[ABOUT THIS EXERCISE] In the entries below, begin at the line that has "This design captures", stop after the line that has "Figure 8. (A)", and output those lines exactly with no pictures.
(Beginning of INFORMATION GIVEN)
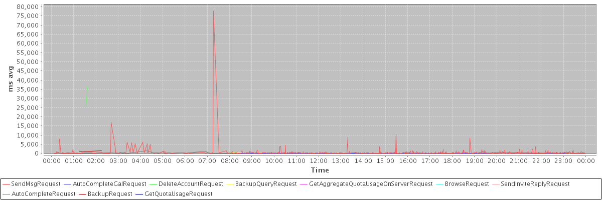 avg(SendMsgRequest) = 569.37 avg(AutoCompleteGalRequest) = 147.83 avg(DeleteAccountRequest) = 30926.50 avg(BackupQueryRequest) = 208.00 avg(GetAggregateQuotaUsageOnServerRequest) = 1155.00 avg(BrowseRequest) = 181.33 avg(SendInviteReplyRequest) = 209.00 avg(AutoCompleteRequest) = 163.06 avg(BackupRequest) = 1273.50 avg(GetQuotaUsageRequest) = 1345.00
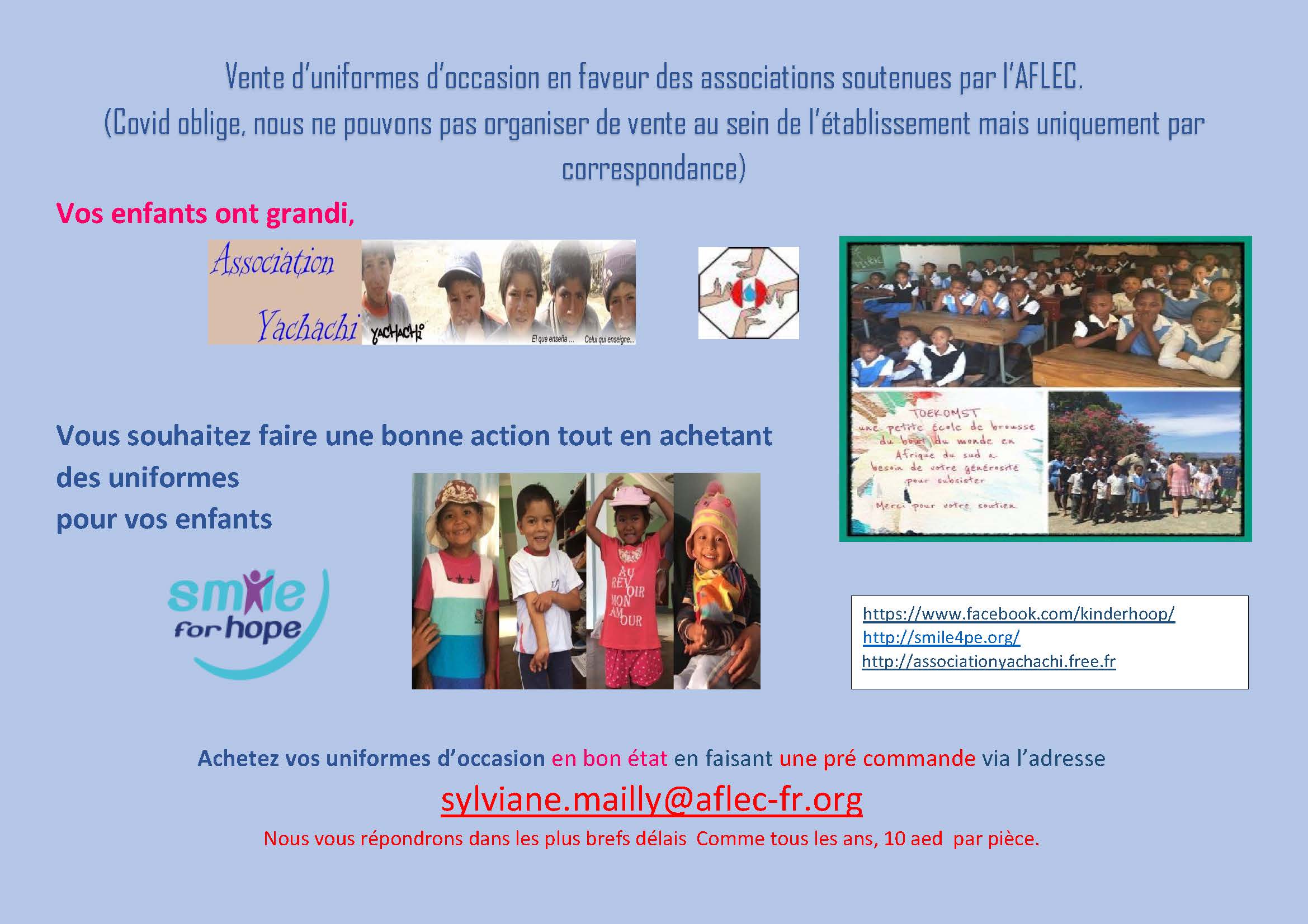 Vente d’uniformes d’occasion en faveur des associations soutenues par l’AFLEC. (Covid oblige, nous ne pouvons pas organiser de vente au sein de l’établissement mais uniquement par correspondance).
(End of INFORMATION GIVEN)
(Beginning of INFORMATION GIVEN)
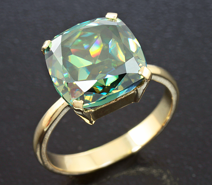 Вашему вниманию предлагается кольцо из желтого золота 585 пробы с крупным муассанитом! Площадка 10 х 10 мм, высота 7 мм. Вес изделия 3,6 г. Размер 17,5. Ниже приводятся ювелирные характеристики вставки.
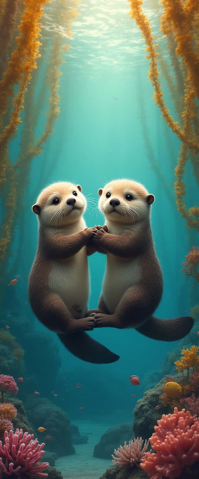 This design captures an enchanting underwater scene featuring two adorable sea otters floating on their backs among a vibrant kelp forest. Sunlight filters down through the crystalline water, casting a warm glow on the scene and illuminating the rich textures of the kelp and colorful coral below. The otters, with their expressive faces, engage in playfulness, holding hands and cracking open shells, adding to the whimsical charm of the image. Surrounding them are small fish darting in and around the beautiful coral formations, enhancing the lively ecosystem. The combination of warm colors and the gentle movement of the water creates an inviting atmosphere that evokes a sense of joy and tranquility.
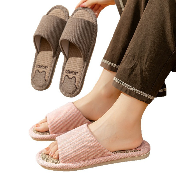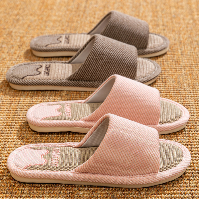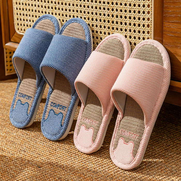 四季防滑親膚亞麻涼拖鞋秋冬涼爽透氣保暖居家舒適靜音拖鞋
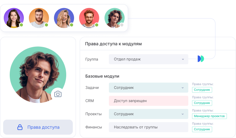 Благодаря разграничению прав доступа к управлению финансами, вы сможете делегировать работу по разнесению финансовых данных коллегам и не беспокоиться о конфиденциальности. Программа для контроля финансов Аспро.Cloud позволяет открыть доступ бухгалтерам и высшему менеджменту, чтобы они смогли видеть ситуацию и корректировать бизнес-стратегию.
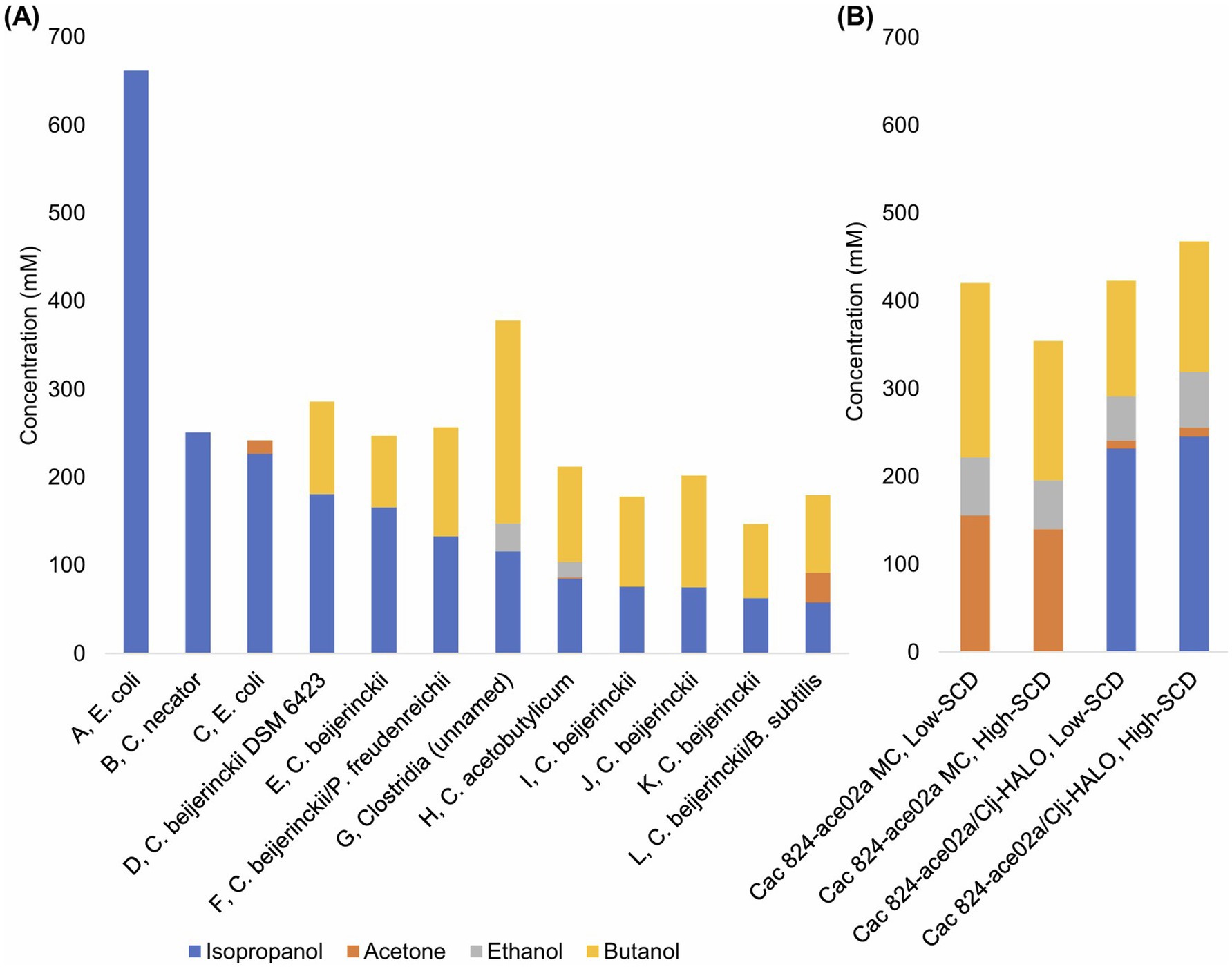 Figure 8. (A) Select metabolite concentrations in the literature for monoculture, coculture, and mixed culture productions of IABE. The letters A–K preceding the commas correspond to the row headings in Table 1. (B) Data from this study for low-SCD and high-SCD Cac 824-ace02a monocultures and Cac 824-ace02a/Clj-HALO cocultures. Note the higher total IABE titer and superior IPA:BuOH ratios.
(End of INFORMATION GIVEN)
[SOLUTION FOR THIS PROBLEM]
 This design captures an enchanting underwater scene featuring two adorable sea otters floating on their backs among a vibrant kelp forest. Sunlight filters down through the crystalline water, casting a warm glow on the scene and illuminating the rich textures of the kelp and colorful coral below. The otters, with their expressive faces, engage in playfulness, holding hands and cracking open shells, adding to the whimsical charm of the image. Surrounding them are small fish darting in and around the beautiful coral formations, enhancing the lively ecosystem. The combination of warm colors and the gentle movement of the water creates an inviting atmosphere that evokes a sense of joy and tranquility.
 四季防滑親膚亞麻涼拖鞋秋冬涼爽透氣保暖居家舒適靜音拖鞋
 Благодаря разграничению прав доступа к управлению финансами, вы сможете делегировать работу по разнесению финансовых данных коллегам и не беспокоиться о конфиденциальности. Программа для контроля финансов Аспро.Cloud позволяет открыть доступ бухгалтерам и высшему менеджменту, чтобы они смогли видеть ситуацию и корректировать бизнес-стратегию.
 Figure 8. (A) Select metabolite concentrations in the literature for monoculture, coculture, and mixed culture productions of IABE. The letters A–K preceding the commas correspond to the row headings in Table 1. (B) Data from this study for low-SCD and high-SCD Cac 824-ace02a monocultures and Cac 824-ace02a/Clj-HALO cocultures. Note the higher total IABE titer and superior IPA:BuOH ratios.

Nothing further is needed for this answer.